Exercise.
Send each entry back exactly as given, pictures excluded.

Material supplied.
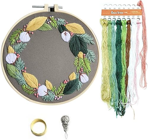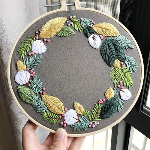 DOITEM Kit de Broderie pour Débutant, Kit D'outils de Broderie Rond Réglable, Kit de Démarrage Avec Cerceau à Broder, Fil à Broder, Tissu à Broder Avec Modèles de Motifs, pour Bricolage
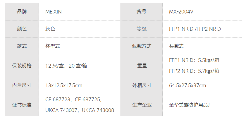 MEIXIN 防护口罩(带阀活性炭款)FFP1 NR D/FFP2 NR D MX-2004V
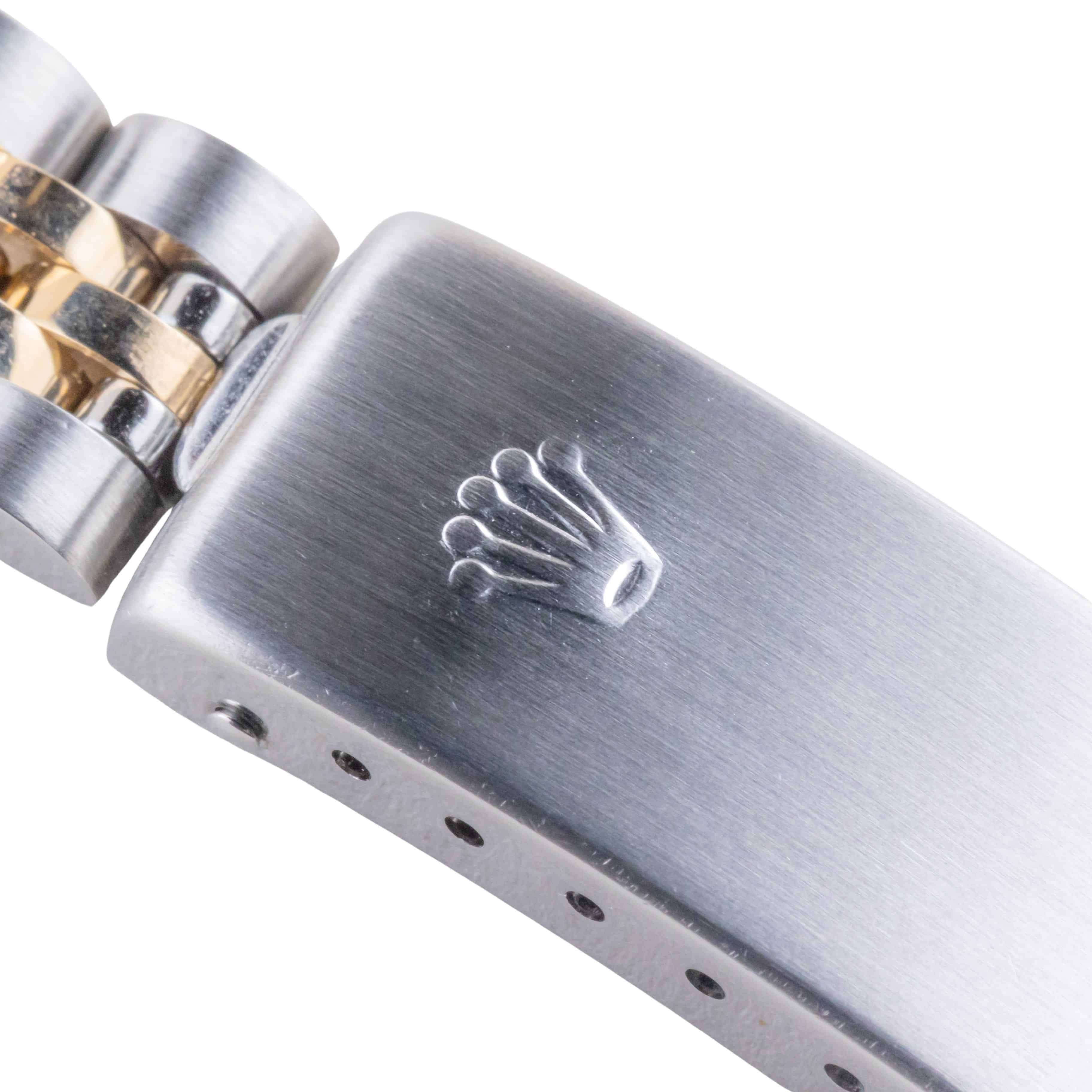 Rolex Oyster Perpetual Lady-Datejust referencia 79173 de 1996, incluyendo set completo. La Lady-Datejust 79173 tiene una caja de 26 mm en oro y acero inoxidable, una pulsera jubilee bicolor y un bisel acanalado de oro de 18k. Esta Lady-Datejust 79173 cuenta con un movimiento automático calibre 2235 con función de fecha rápida, un cristal de zafiro resistente a los arañazos y una esfera de color crema con diseño de pirámide.
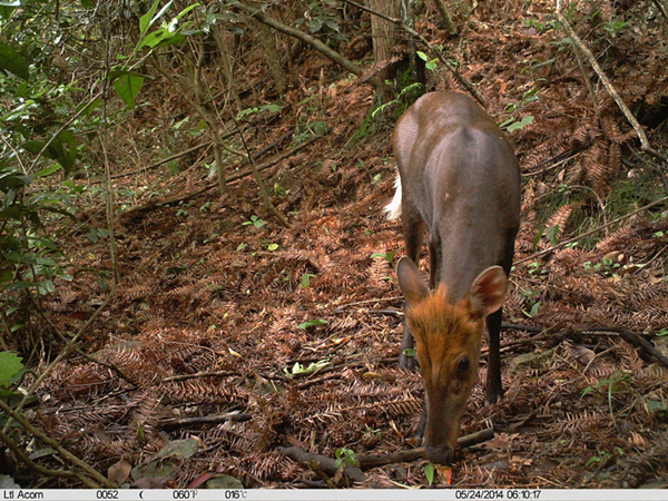 余顺海:去年8月,我们通过红外相机拍到一母二孩三只黑熊同框的温馨画面,表明钱江源园区内有稳定的黑熊种群;森林中还有当地老百姓称为“四不像”的神奇动物——中华鬣羚,它们喜欢在草丛、乱石山崖上跳跃,行动敏捷,机警灵活,属国家二级重点保护动物。黑麂,是一种可以与大熊猫相媲美、中国特有的国家一级重点保护动物。它因染色体数目稀少且雌雄各异而显得格外奇特,它也是研究哺乳动物染色体演化的天然实验动物,在钱江源园区目前约有500至800只黑麂,约占全球数量的10%,是我国野生黑麂主要集中分布区。
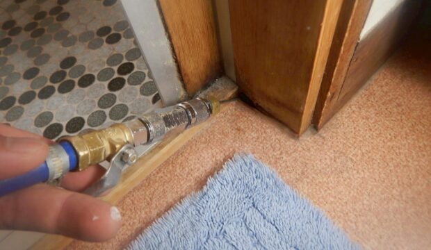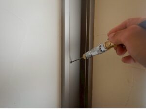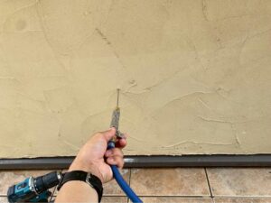 その後、外部袖壁内の木部に対しても処理を行うため、目立たない位置に3.5mm径の小さな穴を開け、専用ノズルを使用して薬剤を注入。
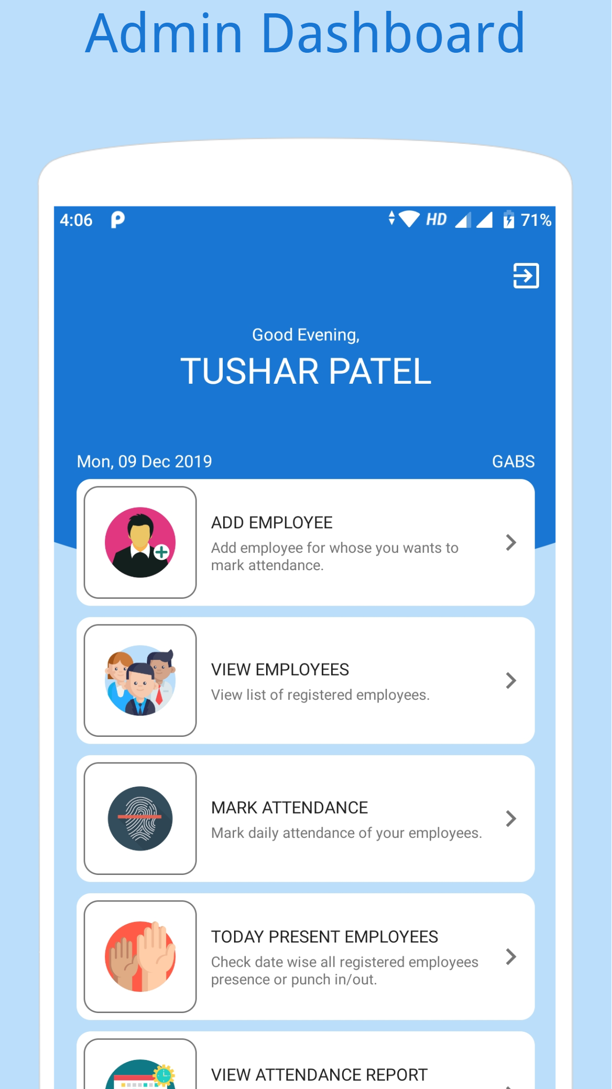 Note : Here admin person can only mark attendance of their registered employees. Employees are not allow to mark their own attendance. Employee can simply view their attendance reports.
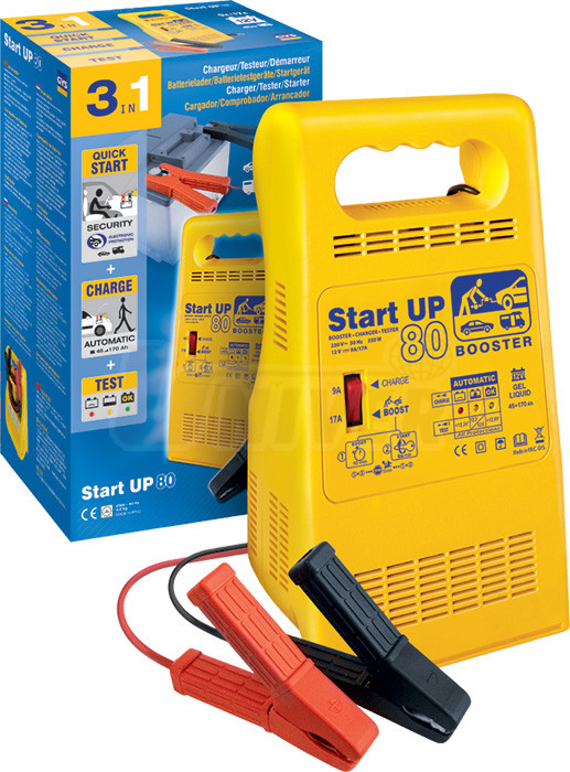 Jako nabíjecí zdroj slouží GYS Start UP 80 k automatickému nabíjení všech druhů startovacích baterií od 45 Ah do 170 Ah (olověné, gelové,kalciové atd.).
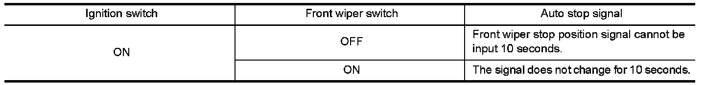 When a front wiper auto stop signal is in the conditions listed below, IPDM E/R stops power supply to wiper after repeating a front wiper 10 second activation and 20 second stop five times.
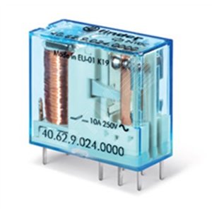 Реле электромеханическое универсальное миниатюрное, монтаж на печатную плату или в розетку, выводы с шагом 5мм, 2CO 10A, контакты AgSnO2, катушка 24В
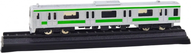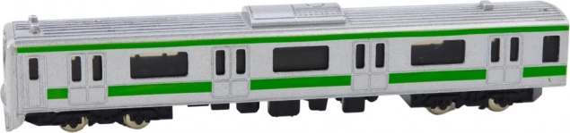 This 1:48 scale metal train car model impresses with precise craftsmanship, true-to-scale proportions, and a clean silver appearance with green accents. Carefully rendered windows, doors, and undercarriage emphasize the realistic look, making it stand out in a display case or on a desk.

Task solution.
 DOITEM Kit de Broderie pour Débutant, Kit D'outils de Broderie Rond Réglable, Kit de Démarrage Avec Cerceau à Broder, Fil à Broder, Tissu à Broder Avec Modèles de Motifs, pour Bricolage
 MEIXIN 防护口罩(带阀活性炭款)FFP1 NR D/FFP2 NR D MX-2004V
 Rolex Oyster Perpetual Lady-Datejust referencia 79173 de 1996, incluyendo set completo. La Lady-Datejust 79173 tiene una caja de 26 mm en oro y acero inoxidable, una pulsera jubilee bicolor y un bisel acanalado de oro de 18k. Esta Lady-Datejust 79173 cuenta con un movimiento automático calibre 2235 con función de fecha rápida, un cristal de zafiro resistente a los arañazos y una esfera de color crema con diseño de pirámide.
 余顺海:去年8月,我们通过红外相机拍到一母二孩三只黑熊同框的温馨画面,表明钱江源园区内有稳定的黑熊种群;森林中还有当地老百姓称为“四不像”的神奇动物——中华鬣羚,它们喜欢在草丛、乱石山崖上跳跃,行动敏捷,机警灵活,属国家二级重点保护动物。黑麂,是一种可以与大熊猫相媲美、中国特有的国家一级重点保护动物。它因染色体数目稀少且雌雄各异而显得格外奇特,它也是研究哺乳动物染色体演化的天然实验动物,在钱江源园区目前约有500至800只黑麂,约占全球数量的10%,是我国野生黑麂主要集中分布区。
 その後、外部袖壁内の木部に対しても処理を行うため、目立たない位置に3.5mm径の小さな穴を開け、専用ノズルを使用して薬剤を注入。
 Note : Here admin person can only mark attendance of their registered employees. Employees are not allow to mark their own attendance. Employee can simply view their attendance reports.
 Jako nabíjecí zdroj slouží GYS Start UP 80 k automatickému nabíjení všech druhů startovacích baterií od 45 Ah do 170 Ah (olověné, gelové,kalciové atd.).
 When a front wiper auto stop signal is in the conditions listed below, IPDM E/R stops power supply to wiper after repeating a front wiper 10 second activation and 20 second stop five times.
 Реле электромеханическое универсальное миниатюрное, монтаж на печатную плату или в розетку, выводы с шагом 5мм, 2CO 10A, контакты AgSnO2, катушка 24В
 This 1:48 scale metal train car model impresses with precise craftsmanship, true-to-scale proportions, and a clean silver appearance with green accents. Carefully rendered windows, doors, and undercarriage emphasize the realistic look, making it stand out in a display case or on a desk.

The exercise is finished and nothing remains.